Valiant hasn't just set itself apart from Marvel and DC in terms of its more realistic storylines. According to Dinesh Shamdasani, it's a comics company that was actually built to exist within a shared universe. Essentially, Valiant has approached every single one of its individual characters as though they're all part of the same larger story. Bloodshot was supposed to be the first film in Valiant's shared cinematic universe, with Harbinger coming in as its second. That may not be the case now.

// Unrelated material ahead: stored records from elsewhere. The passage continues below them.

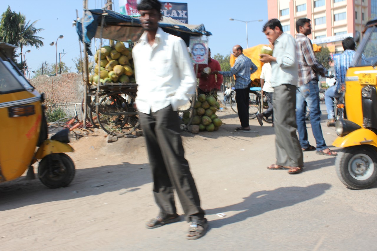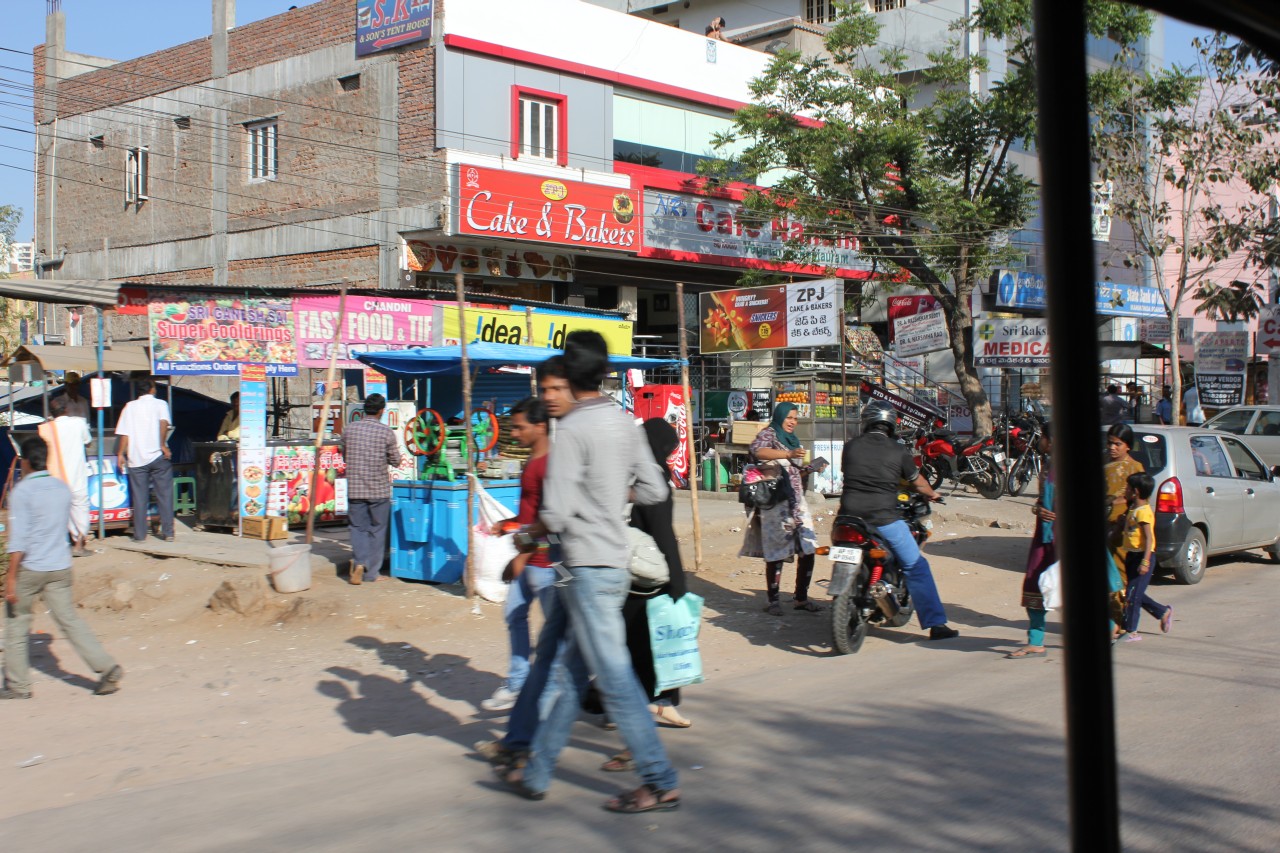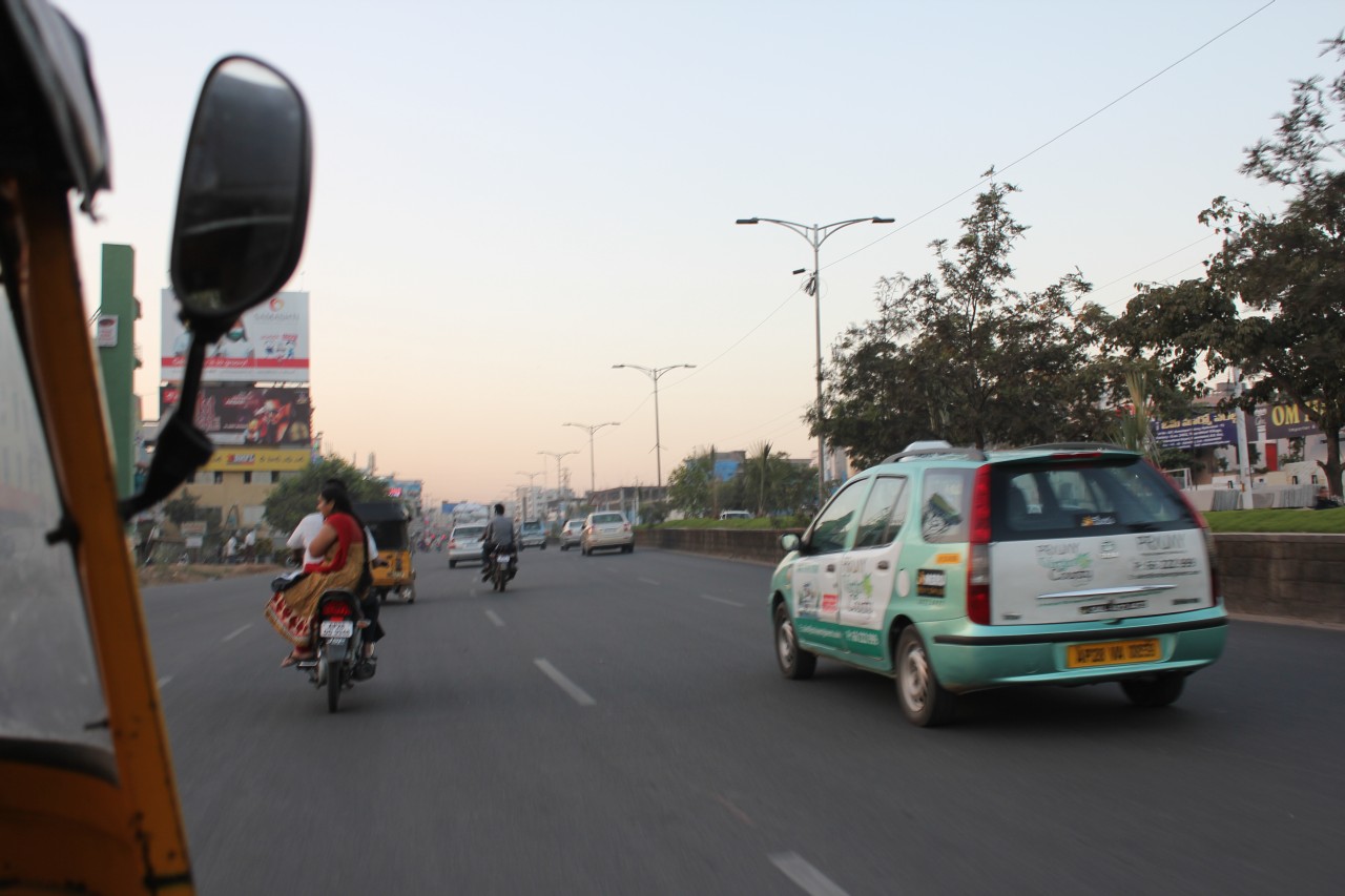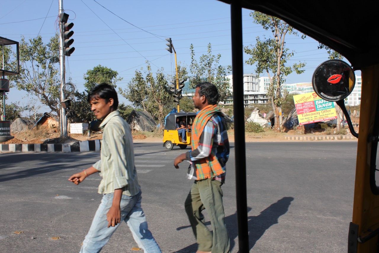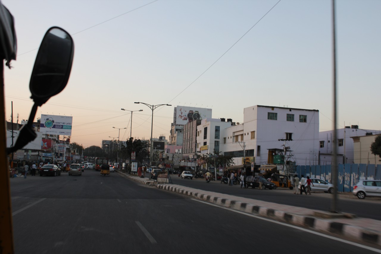 Nem volt semmi ez a kiruccanás! Most láttuk először, hogy hol is van a hotelünk – hát egy épülő negyedben, a környéken szinte mindenhol építkeznek. Kicsit odébb a Microsoftnak vannak óriási épületei, mellette szintén kapuval és őrbódéval lezárt villanegyed. Miután felküzdötte magát a tuktuk a felüljárón, beértünk egy kicsit lakottabb részre, ahol már voltak az úton és árultak mindenfélét az út szélén – gyümölcsöt főleg. A tuktukozást nagyon élveztük: fúj a szél, hangos a motor, néha dudálnak de azért viszonylag kényelmes 2 főre.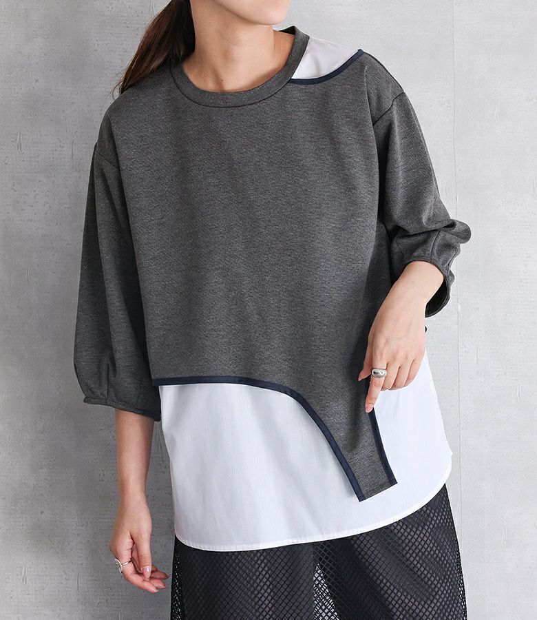 一枚でお洒落が完成する異素材レイヤードトップス。シャツを重ねたようなドッキングデザインで、他にはない個性を惹き立てる一着です。肩部分の丸いカッティングから見える、配色の布帛生地がポイント。裾のパイピングや、パイピングと同じラインに入れたデザインステッチが、細部にまでこだわりの詰まった仕上がりです。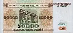 | 20.000 Rublos | Palacio de Rumiancev y Paskevich en la ciudad de Gómel | Gris | 74 x 150 mm |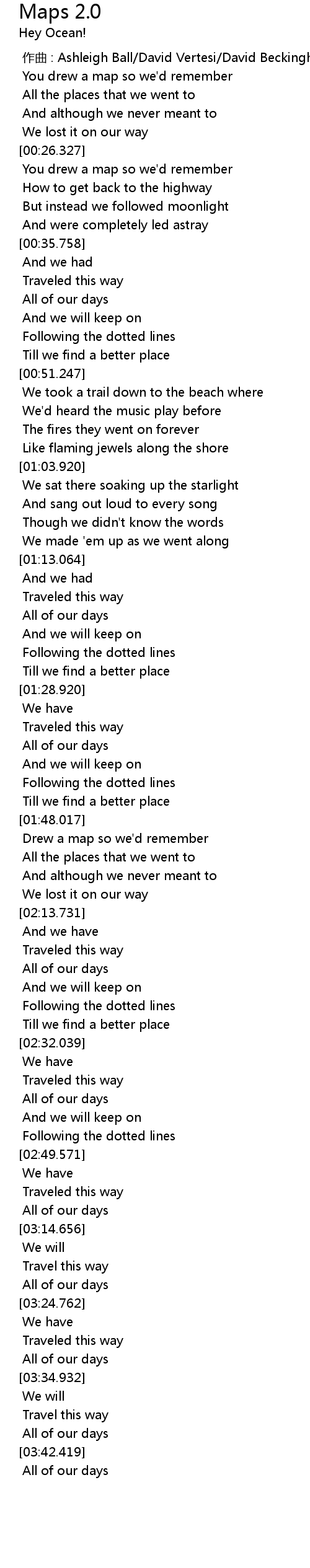 | [01:23.123] | Following the dotted lines |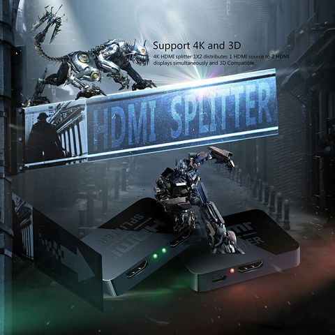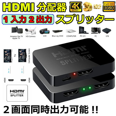 一台のHDMI出力端子付きプレーヤー(ブルーレイ、DVD、PC、PS3、PS4など)の映像と音声信号を、2台のHDMI搭載液晶テレビやモニタに出力可能な分配器です。4K(4096×2160)解像度対応 、1080 P (1920x1200) HDTVと3D映画を支持します。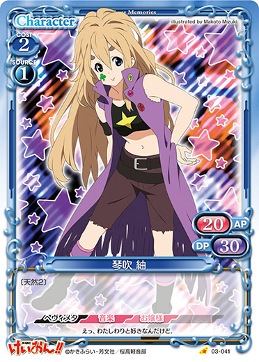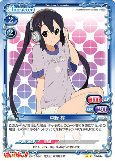| このカードが登場した場合、デッキの上のカード2枚を表にする。その場合、その中にある【ヘッドフォン】を持つキャラ1枚を手札に加える。 | ||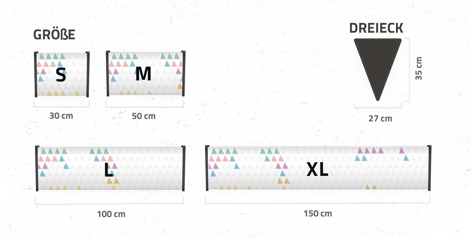 | Breite | S 30 cm │ M 50 cm │ L 100 cm │ XL 150 cm |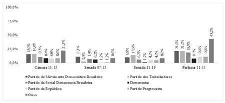 Los datos de Brasil demuestran que los partidos que contabilizaron un mayor número de parlamentarios en las instituciones nacionales - Partido dos Trabalhadores, con 99, y Partido do Movimento Democrático Brasileiro, con 94 - también se manifiestan con un mayor número de parlamentarios en el Parlasur, con 8 cada uno. Estos son seguidos por el Partido da Social Democracia Brasileira, que tiene 7 escaños en el Parlasur y 65 en el Congreso Nacional. Esta configuración confirma que, para el caso brasileño, hay un nivel de correspondencia entre el ámbito doméstico y el regional.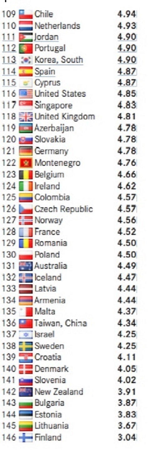 получила 4,44 пункта, Эстония - 3,83, Литва - 3,67, Финляндия - 3,04 пункта.

The Hollywood Reporter announced in September 2019 that Paramount had picked up the rights to the planned Harbinger movie, taking it away from Sony and quite possibly the entire VCU. For Shamdasani, the Paramount deal was a huge blow. "We've heard it's at Paramount, and I think that it pretty much makes it unlikely that there will be a shared universe, but there's plenty of characters in the Bloodshot mythology," he told The Beat. "If we're lucky enough to get to do this again..."

Don't read too much into that first Bloodshot trailer

When Sony released the first trailer for Bloodshot in October, many took issue. Their biggest gripes? Giving away the film in two and half minutes, along with the fact that even those with only a passing familiarity of the comic could tell that Vin Diesel's version of the government-run assassin looks a little... off. 

Dave Wilson has made it clear that he's all for the cut Sony released, specifically because it didn't rely on basic action scenes. "There was a very dangerous trailer, which would be simplistic and lean into all the action tropes that come with it being a Vin Diesel film," he told The Beat. "They did not go down that road, which is wonderful." And rest assured, the trailer has not given everything away. Hunter Gorinson, VP of Brand and Content Strategy for Bloodshot's production company, Hivemind, told Nerdist that Bloodshot's most memorable scene will, in fact, make it to the film. "The first panel [of Rai #0] — and in Valiant lore it's a very famous page — is Bloodshot getting his injector chest thing where it's shown that's the reason he has a spot," he explained. "That's in the movie."

So there's a good chance we'll be seeing Bloodshot in all his white and red glory come February 2020. If we're to believe Bloodshot's filmmakers, this trailer was cut to give only part of the story away, but there's plenty more to explore.